Feature	Description	Recommended Provider
Chat	Natural-language questions about your data.	Any provider with a conversational model.
Agents	Autonomous workflows that monitor and act on data.	Providers with function-calling support.
Insights	Automated trend detection, anomalies, and summaries.	High-throughput providers for batch processing.

Vector Database Configuration

Datafi uses a vector database to store embeddings for semantic search, schema matching, and retrieval-augmented generation (RAG). Currently, Redis (with the RediSearch module) is the supported vector store.

Parameter	Description	Default
Host	The hostname or IP address of your Redis instance.	`localhost`
Port	The port on which Redis is listening.	`6379`
Password	Optional authentication password.	--
TLS Enabled	Whether the connection uses TLS encryption.	`true`
Index Prefix	A namespace prefix applied to all vector indices created by Datafi.	`datafi:`
Embedding Dimensions	The dimensionality of the embedding vectors. Must match your chosen embedding model.	`1536`

To configure the vector database:

Navigate to Administration > AI/ML > Vector Database.
Enter your Redis connection details.
Click Test Connection to confirm connectivity and module availability.
Click Save.

warning

Changing the Embedding Dimensions value after embeddings have been generated requires a full re-indexing of all stored vectors. Plan this operation during a maintenance window.

Model Parameters

You can fine-tune how Datafi interacts with LLMs by adjusting model parameters on a per-feature basis.
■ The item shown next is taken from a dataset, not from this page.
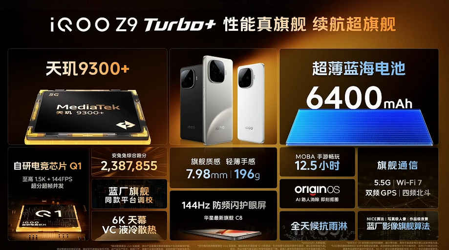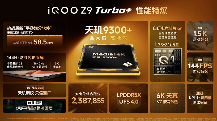 iQOO Z9 Turbo+ оснащен процессором Dimensity 9300+, который работает в паре с дополнительным чипом Q1, повышающим игровую производительность. Объем ОЗУ — от 12 до 16 ГБ, ПЗУ — от 256 до 512 ГБ. Батарея на 6400 мА*ч поддерживает быструю проводную зарядку мощностью 80 Вт.

Parameter	Range	Default	Description
Temperature	0.0 -- 2.0	`0.1`	Controls response randomness. Lower values produce more deterministic outputs.
Max Tokens	1 -- 128000	`4096`	The maximum number of tokens in a single model response.
Top P	0.0 -- 1.0	`0.9`	Nucleus sampling threshold. Lower values narrow the token selection pool.
Frequency Penalty	-2.0 -- 2.0	`0.0`	Reduces repetition of tokens that have already appeared.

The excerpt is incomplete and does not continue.